Judge revokes dairy permits

LIHUE — A judge Tuesday revoked all developer permits and approvals for construction of a dairy in Poipu, pending an environmental assessment.

Judge Randal Valenciano granted Kawailoa Development LLP’s motion for summary judgment against Hawaii Dairy Farms that would require HDF to follow Hawaii Revised Statutes 343.

“The suit was filed because the dairy farm was beginning development and build out of the farm without first obtaining an environmental assessment,” said Bridget Hammerquist, president of Friends of Maha‘ulepu, an opponent of the proposed dairy.

The statute requires an environmental assessment at a minimum, and possibly an environmental impact statement, because HDF has, as part of the dairy plant, a wastewater treatment unit that will hold an exceedingly amount of manure and effluent.

“The law requires when you have something like that — a large collection in the open — you must consider the potential impact to the environment, you must study its feasibility and put before the decision makers the factual findings from the environmental assessment,” Hammerquist said.

The ruling stems from a suit filed by Kawailoa Development LLP, owner of the Grand Hyatt Kauai Resort & Spa, and the Poipu Bay Golf Course — a landowner three miles away from the proposed dairy.

Kawailoa claims its business, recreational, environmental and aesthetic interests would be adversely affected by the wastewater treatment unit, the dairy farm and its effluent ponds.

It claims the harm could be avoided with the preparation of an environmental assessment to assess the effects of discharge, odors and other pollution that could diminish the properties, and pose a potential health risk to employees and guests, endangered species and the natural environment.

HDF plans to develop a minimum 699-cow dairy on a 557-acre site in Mahaulepu Valley.
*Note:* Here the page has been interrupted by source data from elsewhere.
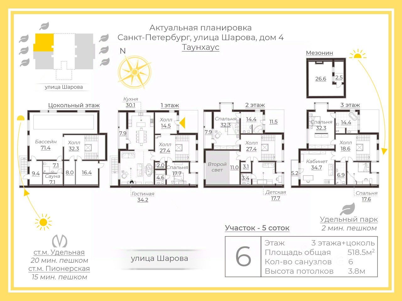 Арт. 106357406 Предлагается в аренду роскошный таунхаус в парковой зоне. Расположен на закрытой территории с круглосуточной охраной. В доме всего 2 квартиры. Общая площадь таунхауса 550м2. У квартиры свой лифт с цокольного по третий этаж. Первый уровень занимают: гостиная, кухня, холл, гостевая спальня, с/у. Второй уровень: 3 мастер-спальни с гардеробными и ванными комнатами, просторная терраса. Третий уровень: кабинет, мастер-спальня с гардеробом и с/у. На цокольном этаже: СПА зона с бассейном, хамамом, сауной и душевой, большая гардеробная и выход в подземный паркинг. Есть своя придомовая территория с местами для отдыха и гриля. В квартире произведен качественный ремонт по дизайн-проекту, с применением натуральных материалов (дерево, мрамор). Интерьер отличается спокойной строгостью, изяществом и утонченностью. Мебель премиальных марок. Бытовая техника Miele. Действующий камин. Установлена система Умный дом. Кондиционирование. Дом находится рядом с Удельным парком, теннисным кортом, тренировочной базой ''Зенит''.
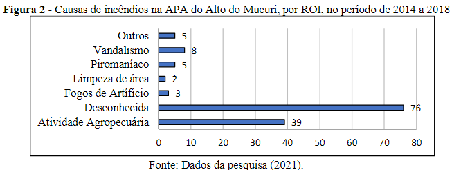 The highest amounts of fire occurrences were in 2014 (45), 2018 (37), and 2015 (36), with the municipalities of Ladainha (56.52%) and Itaipé (23.19%) holding the highest percentages of registered ROIs. About 90.58% (125) of the records analyzed occurred in the municipalities' rural areas. According to Medeiros and Fiedler (2004) and Mistry and Bizerril (2011), fires in rural areas may be related to pasture renewal, clearing for agriculture, animal hunting, illegal extractivism, wood smuggling, or use in charcoal manufacturing. This situation can be observed in Figure 2, which shows that the agricultural and livestock activity had a relevant result (28.26%), along with the unknown causes (55.07%).
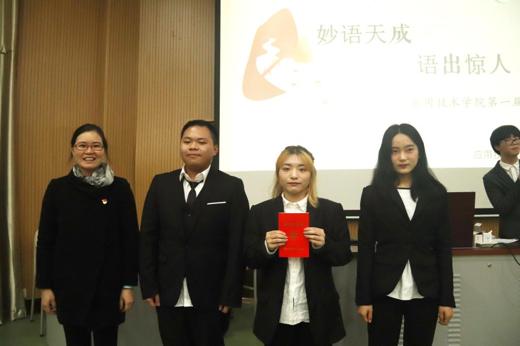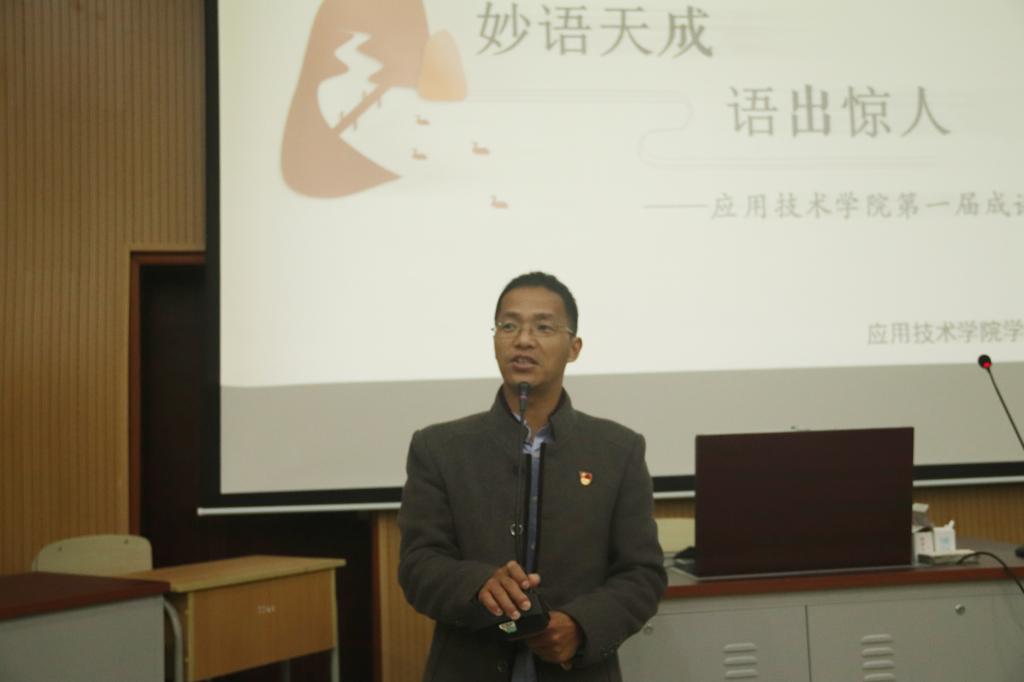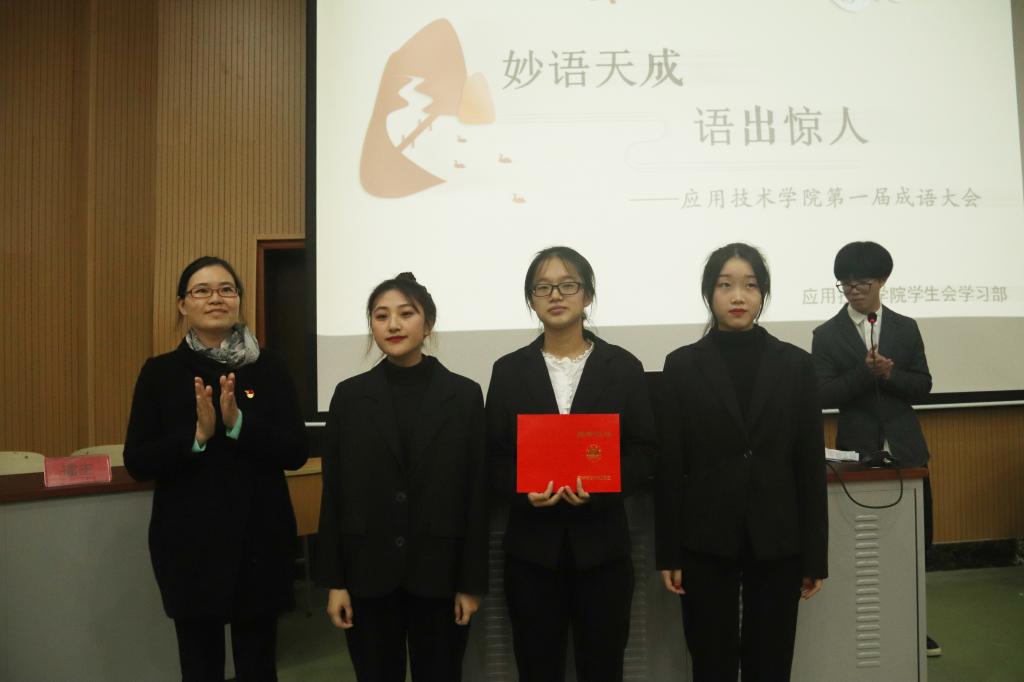 12月6日晚,应用技术公司首届成语大赛于阶梯教室二正式开展。公司党总支副书记冯伟芳老师、学工办主任卓海丹老师担任评委。本次比赛共有60余人参赛,最后三支队伍的9名选手挺进决赛。

The rotational-grazing dairy system would use 100 percent of all manure on the site as natural fertilizer to grow grass, according to reports.

Hawaii Dairy Farms spokeswoman Amy Hennessey said HDF is “disappointed that the Fifth Circuit Court has effectively lumped our dairy into the same category as a wastewater treatment plant, thus setting a dangerous precedent for farmers and ranchers.”

“Today’s decision could force all future animal agricultural endeavors that are striving to be more sustainable and environmentally sensitive to produce an Environmental Assessment before beginning operations,” she said. “This environmental review has never before been required and would likely prove too onerous and expensive for the average farmer or rancher.”

HDF plans on appealing the decision.

“We are moving forward with our new Draft Environmental Impact Statement based on feedback from regulators, so this decision won’t affect us as much as it will affect smaller farming projects that cannot afford the increased costs from these new regulatory hurdles,” Hennessey said.

Valenciano said he’s not going to tell agencies how to decide, but he is going to tell them decisions should not be made until the administrative entities have the information the law wants them to have when it requires the environmental review, according to Hammerquist.

“We’ve been asking for this for as long as the owners of the Hyatt,” Hammerquist said. “We are very happy for them, with this result.”